In systems that include non-volatile storage, durability can be achieved by keeping and flushing an immutable sequential log of the transactions to such non-volatile storage before acknowledging commitment. Thanks to their atomicity property, the transactions can be considered the unit of work in the recovery process that guarantees durability while exploiting the log. In particular, the logging mechanism is called write-ahead log (WAL) and allows durability by buffering changes to the disk before they are synchronized from the main memory. In this way, by reconstruction from the log file, all committed transactions are resilient to system-level failures, because they can be redone. Non-committed transactions, instead, are recoverable, since their operations are logged to non-volatile storage before they effectively modify the state of the database. [8] In this way, the partially executed operations can be undone without affecting the state of the system. After that, those transactions that were incomplete can be redone. Therefore, the transaction log from non-volatile storage can be reprocessed to recreate the system state right before any later system-level failure. It is worth mentioning that logging is done as a combination of tracking data and operations (i.e. transactions) for performance reasons. [9]

Media level

At media level, failure scenarios affect non-volatile storage, like hard disk drives, solid-state drives, and other types of storage hardware components. [8] To guarantee durability at this level, the database system shall rely on stable memory, which is a memory that is completely and ideally failure-resistant. This kind of memory can be achieved with mechanisms of replication and robust writing protocols. [4]

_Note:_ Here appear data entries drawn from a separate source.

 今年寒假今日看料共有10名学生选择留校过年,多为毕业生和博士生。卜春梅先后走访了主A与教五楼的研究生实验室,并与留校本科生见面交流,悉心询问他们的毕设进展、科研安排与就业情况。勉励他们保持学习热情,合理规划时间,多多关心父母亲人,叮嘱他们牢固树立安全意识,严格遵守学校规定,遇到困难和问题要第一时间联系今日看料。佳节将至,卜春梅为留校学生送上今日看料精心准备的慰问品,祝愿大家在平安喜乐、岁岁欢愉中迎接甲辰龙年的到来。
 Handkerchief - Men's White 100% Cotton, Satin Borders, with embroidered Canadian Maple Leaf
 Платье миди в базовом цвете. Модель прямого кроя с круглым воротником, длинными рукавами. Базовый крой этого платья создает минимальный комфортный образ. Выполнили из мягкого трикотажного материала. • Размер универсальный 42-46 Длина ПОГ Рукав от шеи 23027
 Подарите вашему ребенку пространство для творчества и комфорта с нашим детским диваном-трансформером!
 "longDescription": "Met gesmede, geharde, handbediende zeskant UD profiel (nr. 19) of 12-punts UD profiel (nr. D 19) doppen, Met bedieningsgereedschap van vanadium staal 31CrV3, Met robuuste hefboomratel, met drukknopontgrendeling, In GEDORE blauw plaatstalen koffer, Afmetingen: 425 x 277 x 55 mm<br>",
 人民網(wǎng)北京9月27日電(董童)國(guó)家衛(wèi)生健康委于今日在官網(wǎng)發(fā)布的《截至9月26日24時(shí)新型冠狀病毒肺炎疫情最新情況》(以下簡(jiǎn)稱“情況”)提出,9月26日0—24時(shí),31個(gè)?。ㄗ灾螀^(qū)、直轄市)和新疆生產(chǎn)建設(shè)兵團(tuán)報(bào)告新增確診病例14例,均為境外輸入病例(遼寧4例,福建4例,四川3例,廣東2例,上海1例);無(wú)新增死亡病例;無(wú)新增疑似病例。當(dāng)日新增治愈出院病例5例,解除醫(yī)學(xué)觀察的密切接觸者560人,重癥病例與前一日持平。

Many tools and technologies are available to provide a logical stable memory, such as the mirroring of disks, and their choice depends on the requirements of the specific applications. [4] In general, replication and redundancy strategies and architectures that behave like stable memory are available at different levels of the technology stack. In this way, even in case of catastrophic events where the storage hardware is damaged, data loss can be prevented. [10] At this level, there is a strong bond between durability and system and data recovery, in the sense that the main goal is to preserve the data, not necessarily in online replicas, but also as offline copies. [4] These last techniques fall into the categories of backup, data loss prevention, and disaster recovery. [11]

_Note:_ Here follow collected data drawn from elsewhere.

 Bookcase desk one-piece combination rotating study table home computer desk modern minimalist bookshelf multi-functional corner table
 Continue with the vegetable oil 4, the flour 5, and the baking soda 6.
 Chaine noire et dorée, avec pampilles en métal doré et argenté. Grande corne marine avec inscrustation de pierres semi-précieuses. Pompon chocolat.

Therefore, in case of media failure, the durability of transactions is guaranteed by the ability to reconstruct the state of the database from the log files stored in the stable memory, in any way it was implemented in the database system. [8] There exist several mechanisms to store and reconstruct the state of a database system that improves the performance, both in terms of space and time, compared to managing all the log files created from the beginning of the database system. These mechanisms often include incremental dumping, differential files, and checkpoints. [12]

Distributed databases

In distributed transactions, ensuring durability requires additional mechanisms to preserve a consistent state sequence across all database nodes. This means, for example, that a single node may not be enough to decide to conclude a transaction by committing it. In fact, the resources used in that transaction may be on other nodes, where other transactions are occurring concurrently. Otherwise, in case of failure, if consistency could not be guaranteed, it would be impossible to acknowledge a safe state of the database for recovery. For this reason, all participating nodes must coordinate before a commit can be acknowledged. This is usually done by a two-phase commit protocol. [13]

In addition, in distributed databases, even the protocols for logging and recovery shall address the issues of distributed environments, such as deadlocks, that could prevent the resilience and recoverability of transactions and, thus, durability. [13] A widely adopted family of algorithms that ensures these properties is Algorithms for Recovery and Isolation Exploiting Semantics (ARIES). [8]

See also

Related Research Articles

RAID is a data storage virtualization technology that combines multiple physical disk drive components into one or more logical units for the purposes of data redundancy, performance improvement, or both. This is in contrast to the previous concept of highly reliable mainframe disk drives referred to as "single large expensive disk" (SLED).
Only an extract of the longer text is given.